- Promotional poster
- Directed by: Steven Soderbergh
- Written by: Spalding Gray Renée Shafransky
- Produced by: John Hardy
- Starring: Spalding Gray
- Cinematography: Elliot Davis
- Edited by: Susan Littenberg
- Music by: Cliff Martinez
- Production company: BBC Films
- Distributed by: IFC Films
- Release dates: September 11, 1996 (TIFF); March 19, 1997 (U.S.);
- Running time: 80 minutes
- Countries: United Kingdom United States
- Language: English
- Budget: $350,000
- Box office: $29,090

= Gray's Anatomy (film) =

Gray's Anatomy is a 1996 comedy documentary film directed by Steven Soderbergh involving a dramatized monologue by actor/writer Spalding Gray. The title is taken from the classic human anatomy textbook Gray's Anatomy, originally written by Henry Gray in 1858. It was shot in ten days in late January 1996 during a break Soderbergh had from post-production on his previous film, Schizopolis.

The monologist film is about Spalding Gray, the main character, who is diagnosed with a rare ocular condition called macular pucker. After hearing all of his options, such as Christian Science, Native American sweat lodges, and the "Elvis Presley of psychic surgeons", and the dangers of what surgery could bring, he decides to go through the other forms of medicine provided. This in turn takes him on a journey around the world and steers him away from surgery more so because of religious reasons, often in a dramatic and humorous fashion.

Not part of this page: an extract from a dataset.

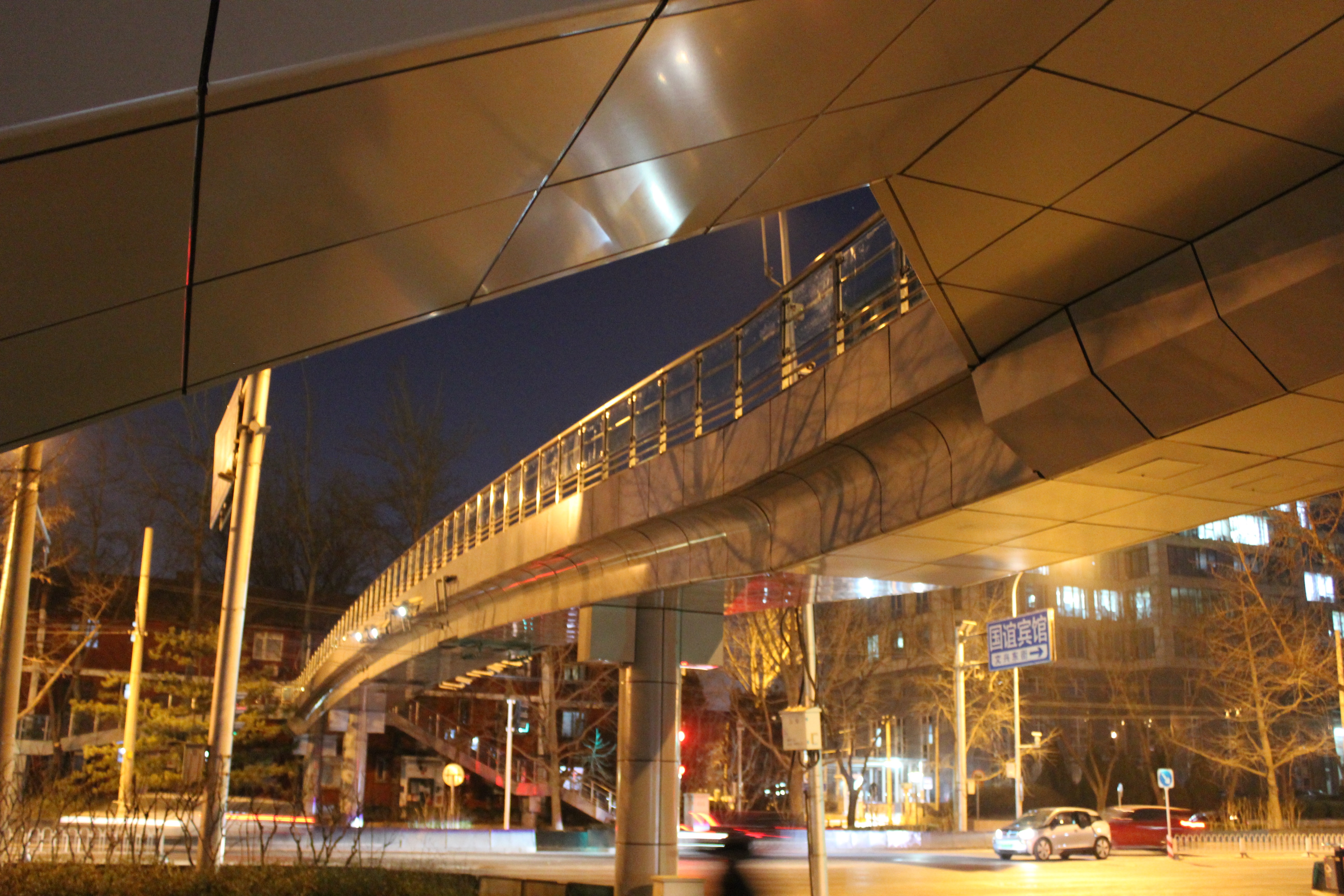 历经80天的日夜奋斗,天桥旧貌换新颜,过年穿新衣,所有钢结构全部重新打磨刷漆,外挂3mm厚铝板,旧有复核栏杆换成不锈钢+钢化玻璃栏杆,夜间七彩LED照明灯带为进入新年的北京夜空增加一份绚丽的色彩。

This was the fourth and last of Gray's theatrically released monologue films, following Swimming to Cambodia, Monster in a Box, and Terrors of Pleasure.

The film is available on DVD. A remastered version was released by The Criterion Collection on DVD and Blu-ray in June 2012.

==Cast==
Spalding Gray was raised in Rhode Island and attended school in Massachusetts. Gray's style as an actor was influenced by Allen Ginsberg, Ramblin' Jack Elliot, and the American Autobiographical movement. He mostly worked in experimental theater. In 1977, he co-founded the Wooster Theater Group in New York City. Two years later he performed his first monologue: Sex and Death at the Age of 14. In the '80s Gray traveled to Thailand where he won two Independent Spirit Awards for the film Swimming to Cambodia. He appeared in several independent films in the '90s before Gray's Anatomy was published.

==Critical reception==
Janet Maslin of the New York Times gave a positive review, calling it "A chatty, colorful, nicely sardonic account of how a crisis led Mr. Gray to assess his medical state, consider his mortality and take one more funny, self-dramatizing look at the eccentric world around him."

Desson Thomson of the Washington Post also reviewed the film positively, stating "Gray's Anatomy finds Spalding Gray turning a bout with a bizarre ocular condition into a dizzying, absorbing odyssey of the neurotic mind."

The Digital Fix described Gray's Anatomy as "very witty and a pleasure to listen to. As he passes fifty, Gray starts to worry about his own death before he finds the sight in his left eye is becoming distorted. Learning that he has a macular pucker, Gray seeks out alternative therapies, including mass nude encounters in a sweatbox, a raw-vegetable diet and a trip to the Philippines to meet a psychic surgeon."

On the other hand, the San Francisco Chronicle described Gray's Anatomy as an unremarkable story. "There's something intrinsically insincere about the whole quest. This creeping sense that Gray isn't really interested in anything he's talking about – that he, alone, is the subject of his own obsession gives Gray's Anatomy a distasteful edge."

The Chicago Tribune described Gray's Anatomy as "demonstrating that fully stimulating the senses isn't the same as fully engaging them. The film begins as ordinary as could be and then continues with scenery changes, lighting effects, and moody music."